Civil, the blockchain-based journalism marketplace, is building its first batch of publications

One of the most confusing efforts to fund journalism in recent memory is inching closer to reality.

If you’re still confused by Civil, the cryptocurrency-based journalism marketplace that went public this summer, you’re probably not alone. Since the company made its first appearance, reactions have included muted excitement, bewilderment, and outright dismissal about the company’s potential to provide a viable new funding model for journalism. (“What B.S.,” shrugged the sole commenter on our initial story about the company).

And yet, despite these inherent marketing challenges, Civil is an idea that has started to turn heads, both among investors and within journalism circles. The company said today that it’s raised $5 million from from ConsenSys, a “leading global blockchain venture studio.” More important, perhaps: It’s also attracted its first publication, Popula, an alternative news and politics site run by journalist (and past Nieman Lab contributor) Maria Bustillos, and joined by Sasha Frere-Jones, Ryan Bradley, Aaron Bady, and other big-name reporters. The site goes live in early 2018.

Built on top of blockchain (the same technology that underpins bitcoin), Civil promises to use the technology to build decentralized marketplaces for readers and journalists to work together to fund coverage of topics that interest them, or for those in the public interest. Readers will support reporters using “CVL” tokens, Civil’s cryptocurrency, giving them a speculative stake in the currency that will — hopefully — increase in value as more people buy in over time. This, Civil, hopes will encourage more people to invest in the marketplaces, creating a self-sustaining system that will help fund more reporting. (Ex-Politico execs Tom McGeveran, Josh Benson, and Katherine Lehr at Old Town Media are advising the effort; we covered their company in September.)

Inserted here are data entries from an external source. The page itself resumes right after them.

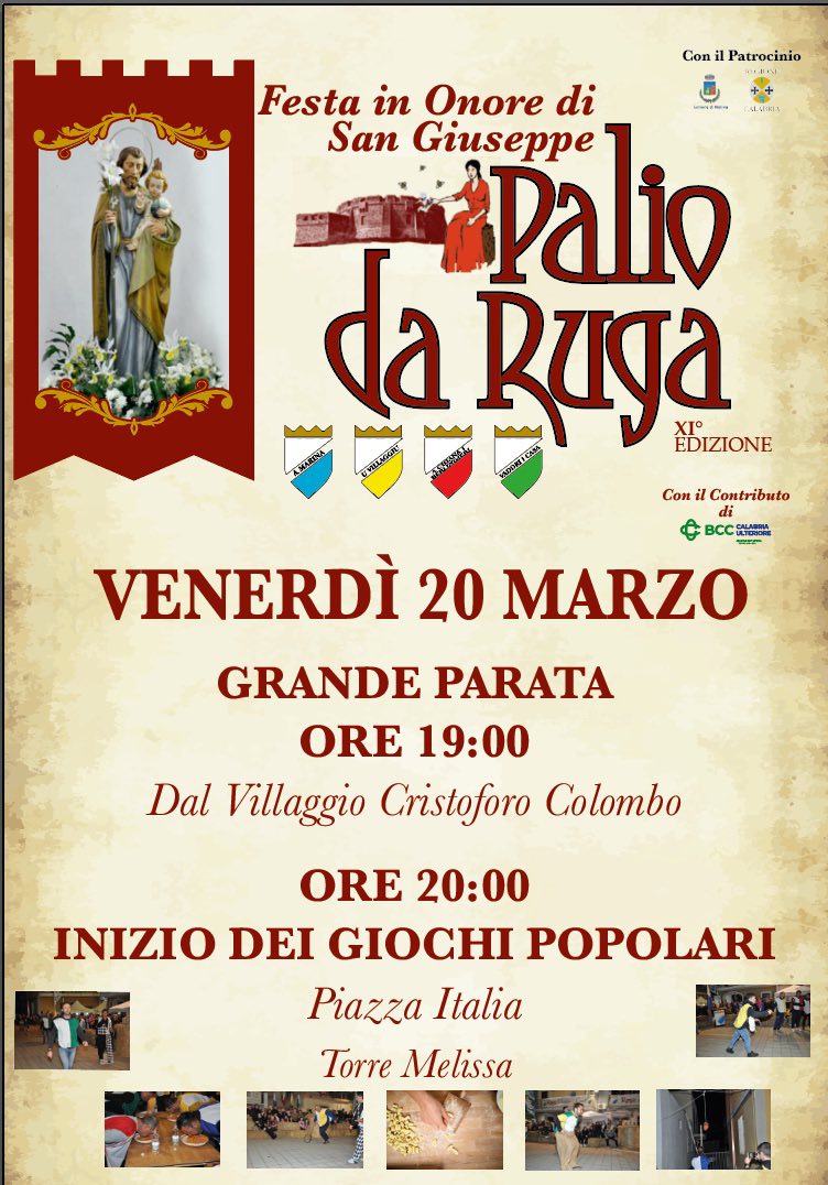 Il Palio da Ruga si conferma negli anni uno degli eventi più caratteristici del territorio, capace di valorizzare il patrimonio culturale e religioso di Torre Melissa. Tra rievocazioni storiche, musica popolare e momenti di forte partecipazione, la festa continua a rappresentare un legame autentico con le radici e con la devozione a San Giuseppe, coinvolgendo intere generazioni e attirando visitatori da tutta la Calabria.
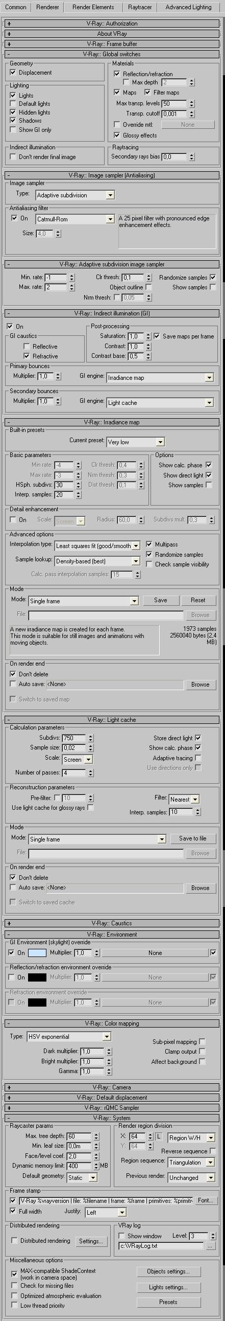 Qué tal, hace un tiempo ya (bastante) que utilizo 3d Studio junto a Vray, pero para exteriores siempre lo hice valiéndome de la clásica direct con la cámara estándar de 3ds Max. Hace un tiempo que estoy tratando de pasarme a Vray Sun + Vray Phisical camera y no logro dar con la tecla que hace que no se me quemen los renders, comenzando por el cielo (Vray Sky).
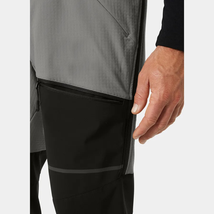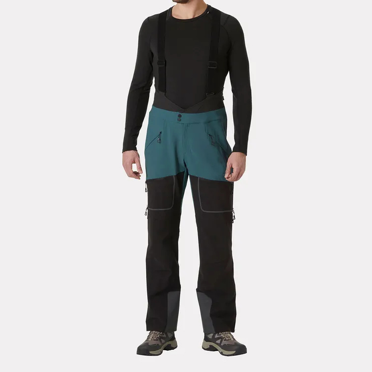 The Odin Backcountry Softshell Bib Pants are the perfect choice for your backcountry ski touring adventures. Crafted from a lightweight, stretchable 4-way fabric, these pants provide you with maximum movement during long ascents and steep drops. RECCO® reflectors provide added searchability in backcountry terrain. Adjustable elastic suspenders ensure a comfortable fit, while thigh pocket and D-ring offer secure storage and attachment points. We've also added a side zipper so you can regulate your temperature and easily get them on and off, along with snow gaiters at bottom legs to keep snow out while you're cruising through deep powder. Well thought out details like an adjustable bottom leg, reinforcement on bottom leg, gusset in crotch for freedom of movement, and articulated knees for better comfort and fit make these pants move with you. Strategically placed hand pockets provide storage for any essentials you may need during your adventure. The perfect companion to the Odin Backcountry Softshell Jacket, which is made from the same body-mapped fabric construction.
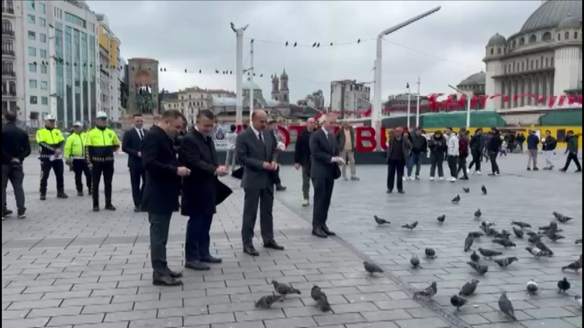 Taksim’de güvercinlere yem atan vali ve beraberindekiler Taksim’den ayrıldı.
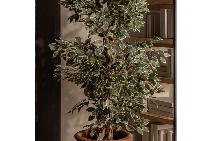 Planta ficus, en color verde, de estilo colonial. Fabricado en poliéster.
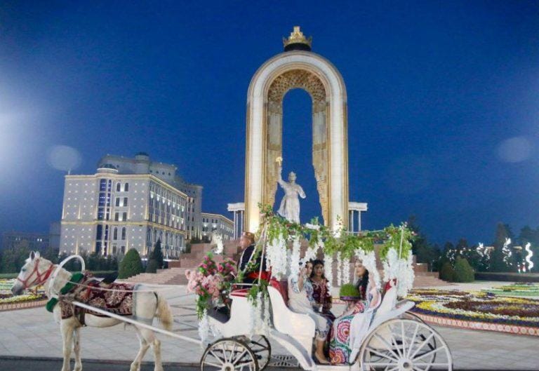 On March 21, 2026, the Nowruz procession entered the capital Dushanbe through its four gates, led by symbolic figures such as Baba Dehkan and the Queen of Spring, amid a festive atmosphere.
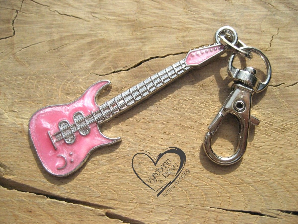 Klíčenka kovový přívěsek elektrická kytara, velikost kytary 6,2 x 1,9 cm, přívěsky jsou s kroužkem nebo karabinkou
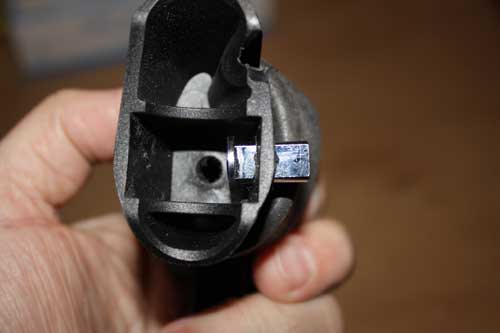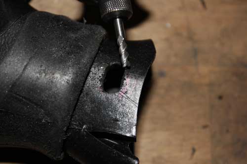 Zuerst wird die Stelle der zukünftigen Aussparung für die Gegenmutter markiert und mit einem kleinen Bohrer vorgebohrt. Dann »tastet« man sich feilend an die ovale Form der Mutter heran. Sehr hilfreich ist ein Minitool mit einem 3–4 mm Frässtift. Allerdings muss man damit besonders vorsichtig arbeiten, da das Grundmaterial schnell schmilzt.

The overall idea is not that easy to understand, particularly for those who aren’t tech-inclined (and perhaps even for those who are). But Bustillos, head of Popula (also the name of a dot-com she cofounded nearly 20 years ago), said that Civil’s core and more understandable appeal is that it uses the decentralized blockchain to “create an indelible, incorruptible record outside the reach of third parties,” she said. “As journalists, it’s pretty obvious why that would be valuable to us. The whole idea of being an incorruptible record is what journalism is all about.”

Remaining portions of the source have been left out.